Given the robust effects of retrieval practice on learning, it is no surprise that investigators have wanted to examine the possibility 
that retrieval practice might improve learning in memory-impaired populations. Several recent studies have shown promising 
results using retrieval practice as a memory remediation technique. This work has been done with patients with multiple sclerosis 
(Sumowski et al., 2010a; Sumowski et al., 2013), traumatic brain injuries (Pastotter et al., 2013; Sumowski et al., 2010b), and 
dementia of the Alzheimer’s type (Balota et al., 2006). Recent work has also shown benefits of retrieval practice in patients with 
language impairments, such as aphasia (Friedman et al., 2017; Middleton et al., 2015; Middleton et al., 2016). 

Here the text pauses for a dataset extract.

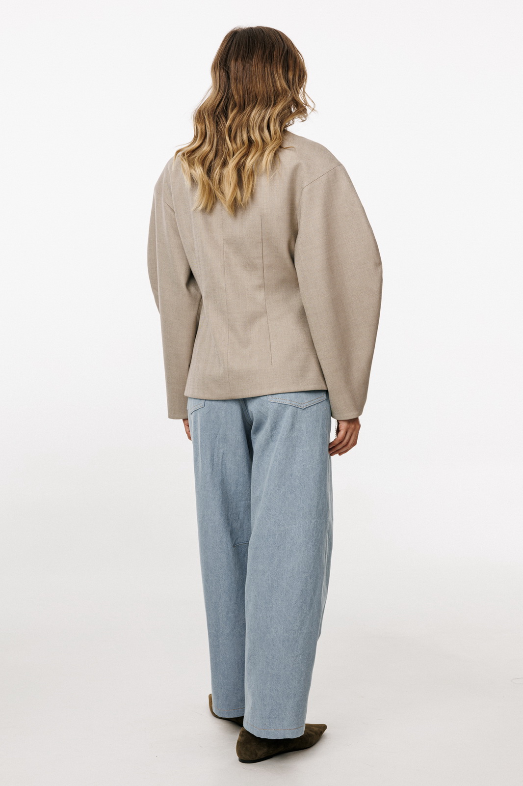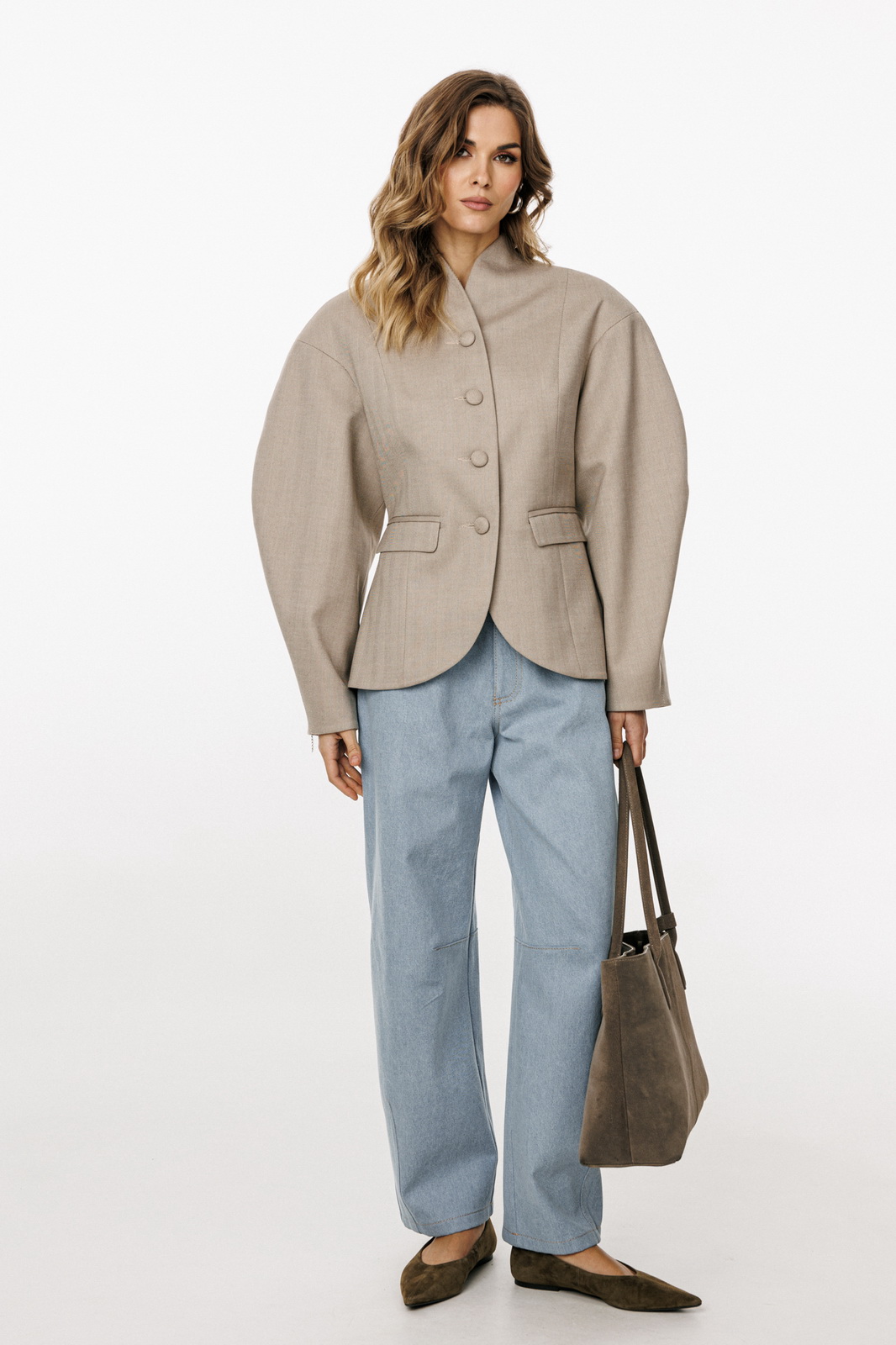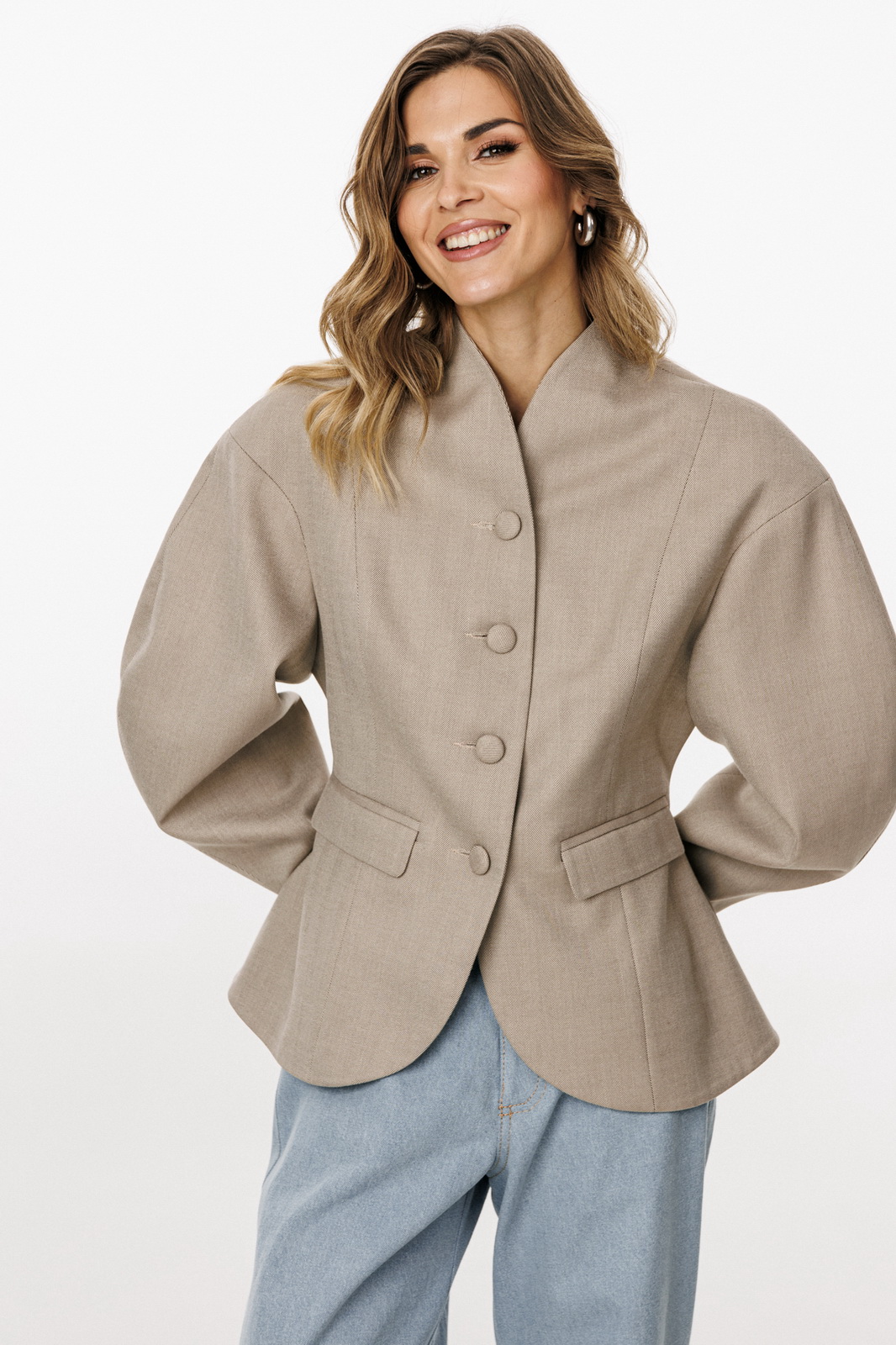 Описание: Жакет выполнен из костюмной ткани. Жакет О-образного силуэта, длиной до линии бедер. По переду обработаны рельефы от плечевого шва до низа, прорезные карманы с клапанами, и центральная бортовая застежка на 4 петли и пуговицы. Низ борта округлой формы. На спинке обработаны два рельефа от горловины до низа и средний шов. Горловина округлой формы, обработана цельнокроеным воротником-стойкой. Плечевой шов удлинен. Рукав фигурной формы, двухшовный, заужен к низу. Жакет с плечевыми накладками.

The benefits of retrieval practice have been established across age ranges, from early childhood to older adulthood, and in 
memory-impaired populations. There has been less work, however, focused on identifying individual difference factors that might 
mediate the benefits of retrieval practice. One complication that arises in such research is that initial performance (i.e., the level of 
success during initial retrieval practice) may differ across different groups. For example, a high ability group might recall more 
during initial retrieval practice than a low ability group would. Any difference in the size of a retrieval practice effect across ability 
groups would be influenced by differences in initial retrieval success, making it difficult to interpret the final test results (see the 
earlier section on Balancing Retrieval Success and Retrieval Effort). Nevertheless, two individual difference factors have received 
attention in recent research: trait anxiety and working memory capacity. 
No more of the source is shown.